CME feeder cattle closed weaker amid caution, along with the corn market, before USDA’s crop report on Wednesday.

Feeder cattle futures typically trade opposite the move in corn prices because of feed cost implications for cattle feeding operators.

September ended 0.3 cent lower, at 144.65 cents. October closed down 0.225 cent to 146.35 cents.

Most hogs wilt

Aside from October CME hogs, other contracts finished lower on profit taking after futures’ short-covering bounce on Monday, said traders and analysts.

Spreaders also sold deferred contracts and bought October with the view hog farmers may not cut their herds as aggressively if corn prices continue to decline.

October lean hogs closed up 0.15 cent at 72.725 cents. December ended down 0.15 cent to 71.425 cents and February closed at 77.275 cents, 0.8 cent lower.

Still, continued heavy hog supplies limited October advances and pressured the average hog price in the most-watched Iowa/Minnesota market for an 11th straight day to $64.86, down six cents from Monday.

Producers hurried hogs to market after the worst drought in more than half a century catapulted feed costs to all-time highs.
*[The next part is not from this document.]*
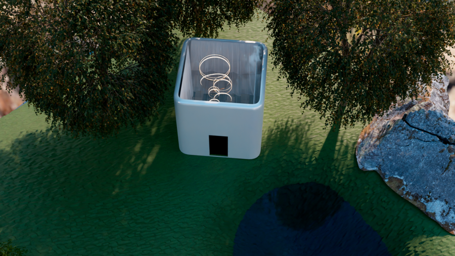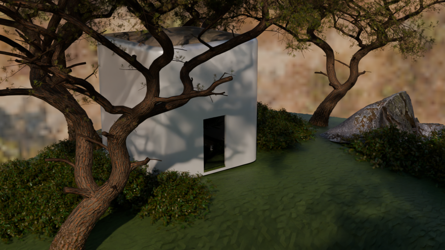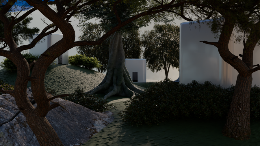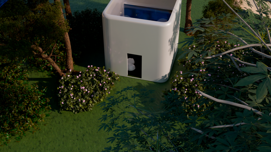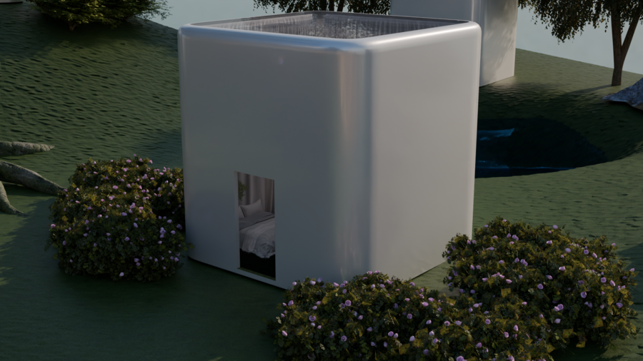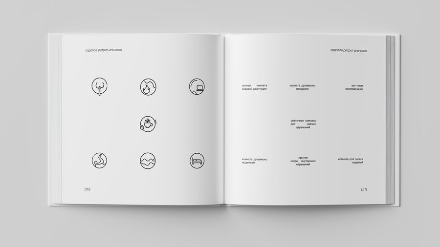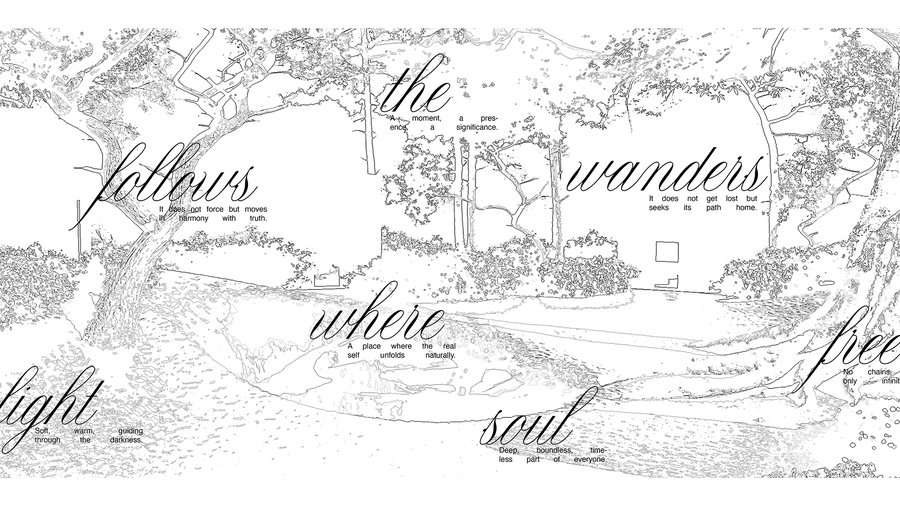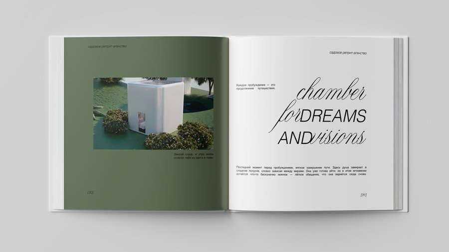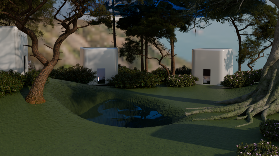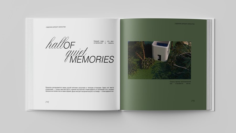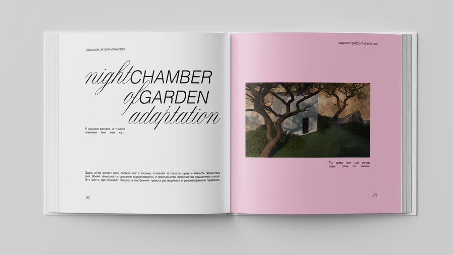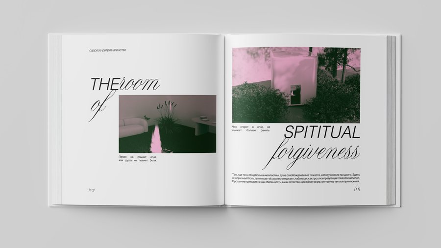 Белые кубы-комнаты, растворённые в саду, становятся проводниками во внутренний мир души: здесь душа адаптируется, прощает, вспоминает, осознаёт, исцеляется, очищается и возвращается к покою. Это место, где время замирает, а природа бережно ведёт к восстановлению.

And more hogs are arriving at packing plants as cooler weather create less stress to animals, quickening their growth rate.

The government pegged Tuesday’s slaughter at 437,000 head. It was 10,000 more than for the same period a year ago and the biggest daily slaughter since an estimated 439,800 on Jan. 6, 2009, according to USDA and analysts.

— Theopolis Waters writes for Reuters from Chicago.